Thursday, June 25, 2009

Roth IRA Conversions: Coming in 2010!

Next year, anyone may convert a traditional IRA to a Roth IRA. No income limits will stand in the way of the conversion.

Why it might be a good idea
A Roth IRA permits tax-free growth and tax-free income distributions in retirement (assuming you are age 59½ or older and have held your Roth account for 5 years or longer). You can contribute to a Roth IRA after age 70½, without having to take mandatory withdrawals. While contributions to a Roth IRA aren’t tax-deductible, the younger you are, the more attractive a Roth IRA may seem.
However, older investors have reason to go Roth as well – especially if they don’t really need to withdraw IRA assets or would plan to reallocate their IRA holdings towards fixed income investments and other tax inefficient tools (e.g. Mortgage Backed Bonds, High Yield Funds, Hedge Funds). Roth IRAs are particularly well-suited to fixed income investments, as the consequences of potentially lower returns are ameliorated by the low taxation of those returns, either when the funds are earned or withdrawn.
Also, under present tax law, converting an untapped traditional IRA to a Roth will shrink the size of your taxable estate, and careful estate planning could foster many years of tax-free growth for those assets.
Currently, if you pass your Roth IRA to your spouse when you die, they can treat the inherited IRA as his or her own and forego withdrawals. So those Roth IRA assets can keep compounding untaxed across the rest of their life.
If your spouse then names a son or daughter as a beneficiary, that heir has the choice to make minimum withdrawals according to his or her life expectancy, all while the assets continue to compound tax-free. Currently, withdrawals from an inherited Roth IRA are not subject to income tax.

Why it might not be a good idea
The IRS regards a traditional IRA-to-Roth IRA conversion as a distribution from a traditional IRA – a taxable event. You’ll need to pay taxes on the entire amount of the conversion.
But, with the recent carnage in the markets, many IRA values are (hopefully) at a very low point. That translates to paying less tax on eventual gains. In addition, there’s strong reason to believe that income tax rates will increase in the coming years – another reason why now may be a good time to convert. (Another alternative is to do a partial Roth IRA conversion if converting the full amount would send you into a higher tax bracket.)
Using IRA assets to pay the conversion tax isn’t advisable.
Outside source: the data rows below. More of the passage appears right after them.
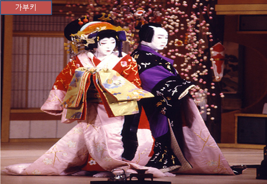 ‘큰북과 작은 북, 피리, 샤미센’ 등의 반주와 노래에 맞춰 화려한 의상을 입은 배우가 춤을 추고 연기를 하는 현대판 ‘오페라. 뮤지컬’이라 생각할 수 있겠네요.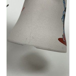 Hand painted child on front with number 492. Red bow on top with a white and gold hanger string and wire hook. Red Bead and gold string on inside.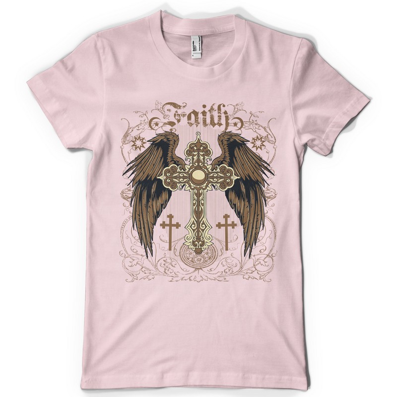 Faith and freedom printed t-shirt features a detailed screen print of winged cross now available in EPS format file and can be used for digital printing and screenprinting . Ready to print or use in anything you want.

If you’re younger than 59½, you’re looking at a 10% penalty on the amount you withdraw, and you’ll lose the chance for tax-free compounding of those assets within the Roth IRA. What this means is that you should generally be comfortable with spending funds out of a taxable account.
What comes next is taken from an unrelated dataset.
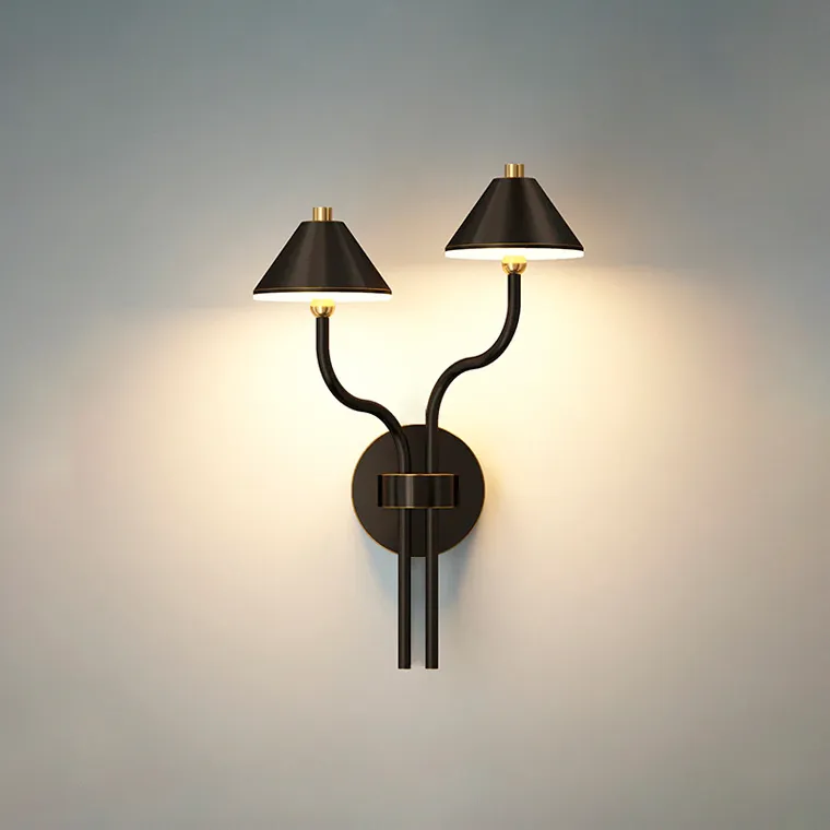 Серия настенных светильников с коническими плафонами на изогнутых рожках

Why you might want to fund a Roth IRA this year
In 2009, any withdrawals from a traditional IRA can be used to fund a Roth IRA. In years past, mandatory withdrawals from a traditional IRA typically couldn’t be deposited into a Roth IRA. But the federal government has suspended mandatory IRA withdrawals for 2009. Any IRA withdrawals made in 2009 are thereby elective withdrawals. So, if your adjusted gross income (AGI) is $100,000 or less, you have an option to fund a Roth IRA with a withdrawal from a traditional IRA – at least through the end of 2009.
In 2009, you can fund a Roth IRA with after-tax contributions to a 401(k), 403(b) or 457 retirement savings plan. This year, you can take those contributions and convert them to a Roth IRA tax-free, provided your AGI is $100,000 or less. Additionally, there is no limit to the conversion amount.
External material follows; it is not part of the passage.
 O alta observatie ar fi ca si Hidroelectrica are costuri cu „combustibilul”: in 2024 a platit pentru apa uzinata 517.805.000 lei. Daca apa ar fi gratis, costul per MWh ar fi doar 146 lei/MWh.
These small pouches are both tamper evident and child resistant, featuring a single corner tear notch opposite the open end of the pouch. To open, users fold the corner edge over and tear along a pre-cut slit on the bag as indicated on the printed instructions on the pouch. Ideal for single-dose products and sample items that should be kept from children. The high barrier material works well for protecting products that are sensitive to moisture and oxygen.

A potential tax break for those who convert in 2010
If you do a Roth conversion during 2010, you can choose to divide the taxes on the conversion between your 2011 and 2012 federal returns.
Be sure to consult your tax advisor and financial advisor before you proceed. (This is definitely a team effort, as the issue of expected returns is a major factor in the analysis.) In fact, you should generally consult your advisors before you arrange any rollover, trustee-to-trustee transfer, or same-trustee transfer of your IRA assets. In any year, you should fully understand the potential tax impact of a Roth conversion on your finances and your estate. Also, remember that while the income limit on Roth IRA conversions will go away in 2010, the income limits on Roth IRA contributions still apply next year and for the foreseeable future.